Talking on a panel at the launch event for NextTechNow, Frederique Covington, who was appointed APAC CMO of Visa in May, said that her company was working with Publicis Media’s play to bring startups closer to clients to work out how to revitalise Visa’s approach to marketing.

“Traditionally, marketing is developed by the client, then the agency comes in. What if we could apply the principle of a hackathon,” said the former Twitter and Microsoft marketer.

“At the beginning of a campaign, bringing in folks who might be our customers, tweens or travellers, and asking them to hack the idea with us,” she explained.

“We’re going to discuss that with NextTechNow what rhythm we’re going to do it in, how feasible is it, open and break, and let people co-create with us from the very beginning.”

“We’ve been thinking about doing ‘markathons’. We have people embedded in our marketing teams who are constantly challenging what we’re doing. If it’s just once a year, asking students what they think of my work, that’s a fail.

She later commented: “It’s not about what kind of media we’re going to buy anymore, that time has gone. For us now, we’re thinking do we invest in a deal with a data partner, so we’ll then get a holistic understanding of the user, rather than doing a media buy,” she said.

Visa, in February, declared itself a technology platform when it opened up some of its payments systems in the hope of developing new financial products. Covington said Visa was not looking to find unicorns, but “cockroaches” – startups with endurance.

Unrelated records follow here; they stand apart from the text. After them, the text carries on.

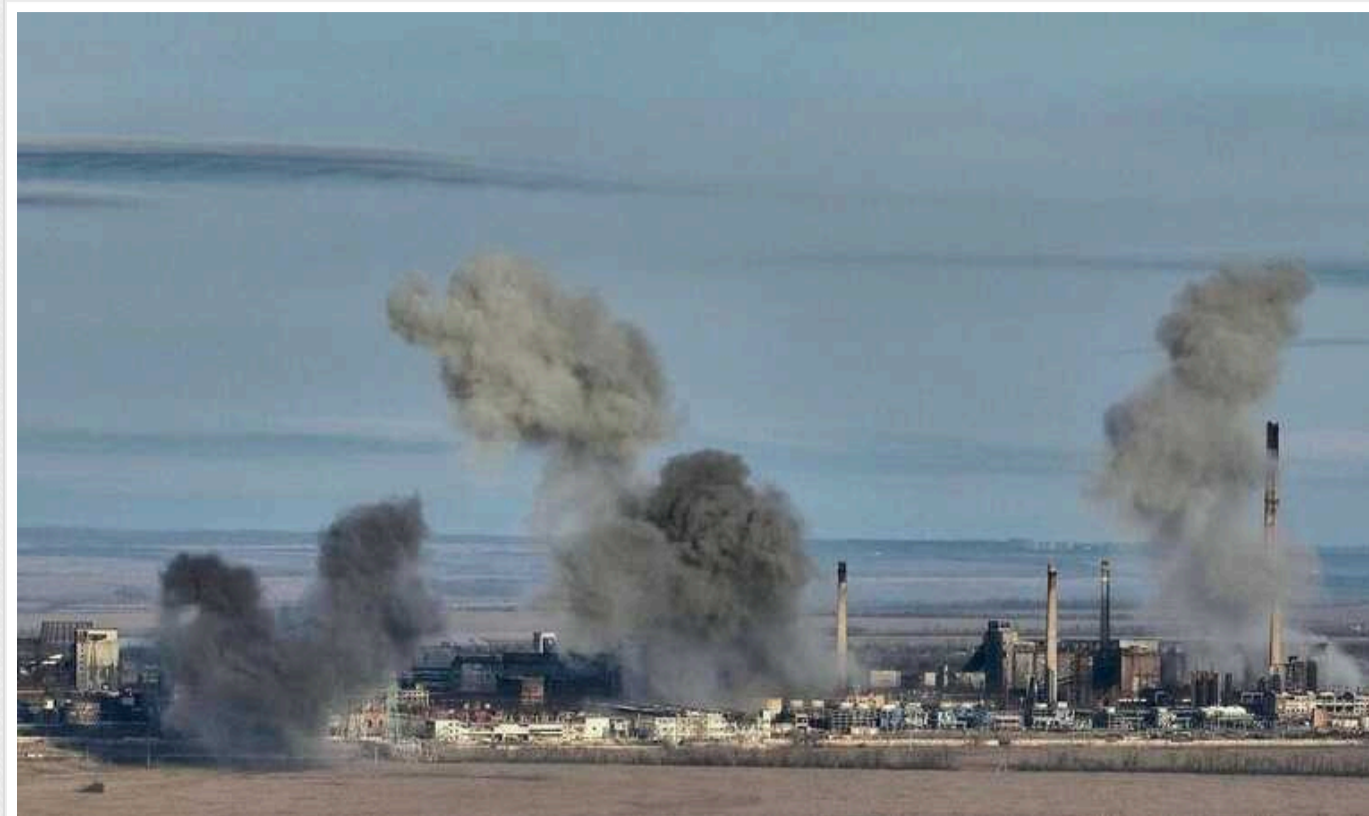
В Авдіївці окупанти фосфорними зарядами запалили цистерни з мазутом

Російські окупанти активніше тиснуть на Авдіївку. Наразі ситуація у місті критична. Ворог регулярно застосовує фосфорні боеприпаси та КАБи.
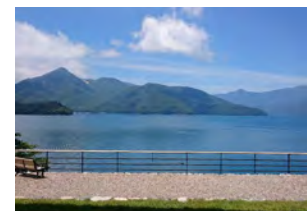
英国大使館別荘からの眺望
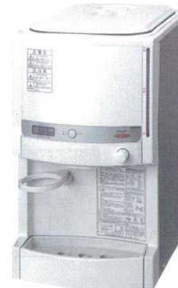
⑤ RW-142P ウォータークーラー (冷水専用・水道直結) ¥82,000 f 冷水供給能力:約10/11L/h
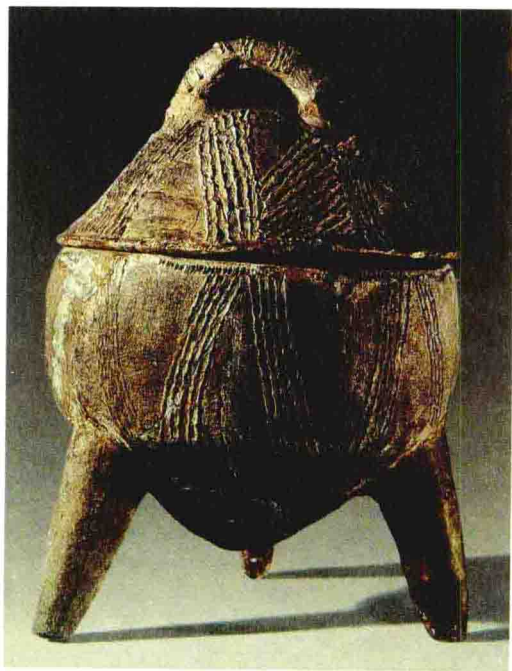
名称：带盖陶鼎 时间：北辛文化（前5000—前4000） 规格：通高37.5cm

陶器是随着史前人类进入定居生活而出现的。我国现存最早的陶器残片其年代距今约9000—10000年，出土于南方一些洞穴居住遗址中。制陶的发明与人类开始使用火有密切的关系。史前人类用火烧烤食物、取暖、趋赶野兽，发现被火烧过的土地或粘土变得坚硬定型，这些促使原始先民有意识的用泥土或粘土烧制他们需要的器物。
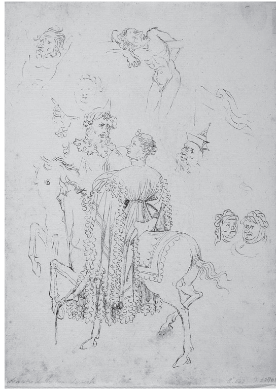
Fig. 3. Inv. 2270 Fv (numeración original, VII verso).

presar de modo claro, con otras y mejores palabras, y en la voz de una autoridad, lo que se ha ido poniendo de manifiesto a lo largo de este estudio sobre el cuaderno de los Uffizi: el carácter verdaderamente transnacional del arte del 1400, también en lo que se refiere a este ejemplo, tan cercano al medio artístico valenciano. Desde esta perspectiva, no importa tanto la identidad concreta de los diferentes dibujantes que utilizaron sus hojas como el valor del conjunto como demostración evidente del contacto de la pintura valenciana con el arte foráneo. Dada su innegable cohesión como volumen (que se ha argumentado por extenso antes), es la prueba material más rotunda del componente extranjero en este ámbito de la práctica artística en Valencia, aunque hasta ahora no haya sido posible determinar con certeza quiénes trabajaron en este sorprendente carnet de dessins .
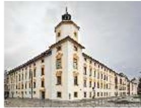
KemRes.I, Südwestlicher Eckturm, DI015611, BSV-
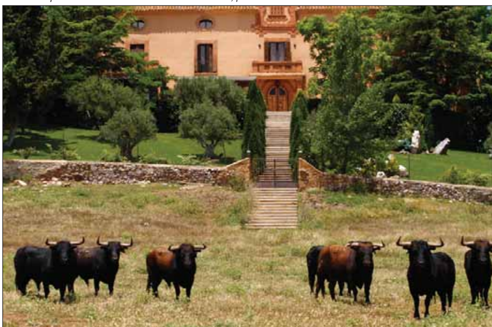
La corrida que será lidiada en la Feria de Albacete 2007, posando delante de la casa ubicada en la finca El Palomar.
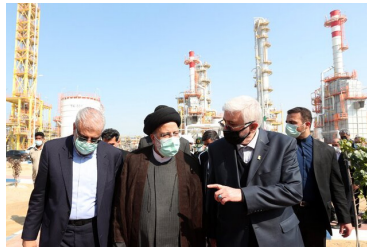
در گفت‌وگو با خبرنگاران در پاسخ به این سوال که افتتاح این طرح چه تأثیری در جلوگیری از

رئیس جمهور گفت: بانک‌های کشور در این طرح مهم سرمایه‌گذاری کرده‌اند که هم خودشان سود می‌برند و هم محصول برای مردم خواهد بود.
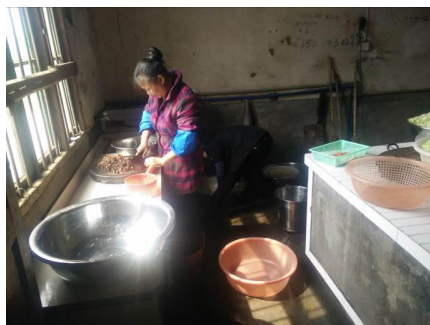
图4 厨工工作期间着装图

(3) “餐前洗手”取3分, 扣分原因为因近期学校食堂房屋正在维修施工, 学生餐前不方便洗手, 为无条件洗手。
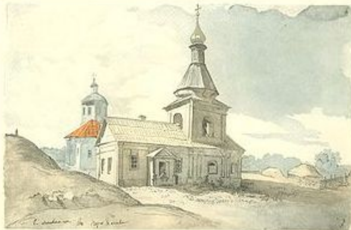
МІХАЙЛІВСЬКА ЦЕРКВА В ПЕРЕЯСЛАВІ. Листопад 1845—січень 1846.
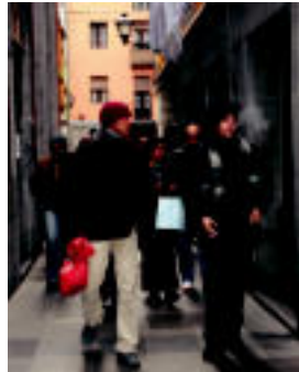
Kubatarrak Tolosako kaleetan zehar, entsegura bidan. N. URIBU
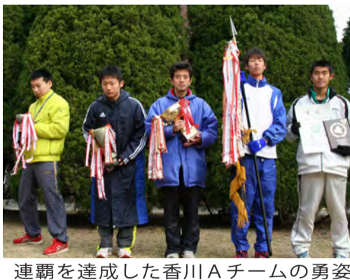
連覇を達成した香川Aチームの勇姿
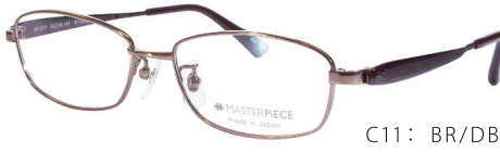
C11: BR/DBR ブラウン / ダークブラウン
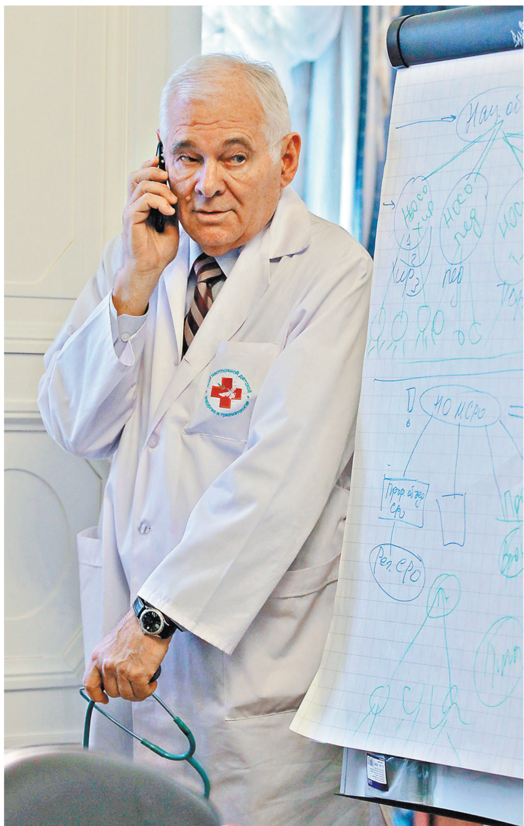
Леонид Рошаль: Нужна четкая и профинансированная государственная программа по решению кадровой проблемы в здравоохранении.

Мы понимаем, что это скрытая форма распределения. Национальная медицинская палата (НМП) активно поддержала идею министра о проведении аккредитации врачей и конкретно помогла в ее реализации, а также активно участвовала в разработке профессиональных стандартов «педиатр участковый» и «терапевт участковый», что является основой для аккредитации. Руководителями всех региональных аккредитационных комиссий были представители НМП.
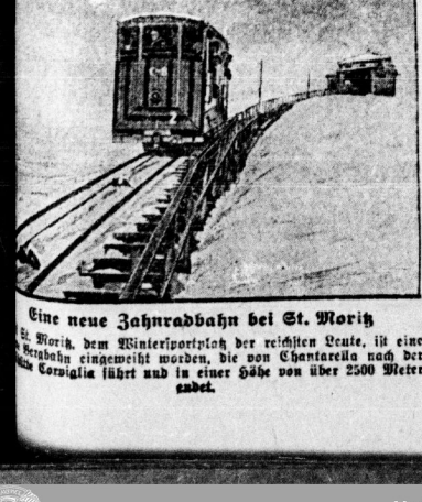
Eine neue Zahnradbahn bei St. Moritz

Immer gefährlicherer Raub in Berlin eintrat. Die über Thüringen im Sommer die Raub erlöschten durch Schienenverletzung und Verbrechen in der Gegend.

“We certainly want to find those cockroaches, those disruptions that will stay for the long term. What’s interesting for us as a company is that there is so much about Visa that is not well known. We’re not a credit card company, we don’t issue any credit cards. We’re a technology platform.”

“When Visa called me [about the CMO job] that was the first question I had: why do you want to speak to someone like me, I’m from tech, you guys are a bank.”

Covington later joined a heated debate about how startups should best work with big corporates.

She said: “I hear a lot of talk about us and them. Where we need to be is more the ‘us’. Forget the projects. If a startup thing is a project or an experiment, it’s going to fail. The way to think about it is really the ‘us’.”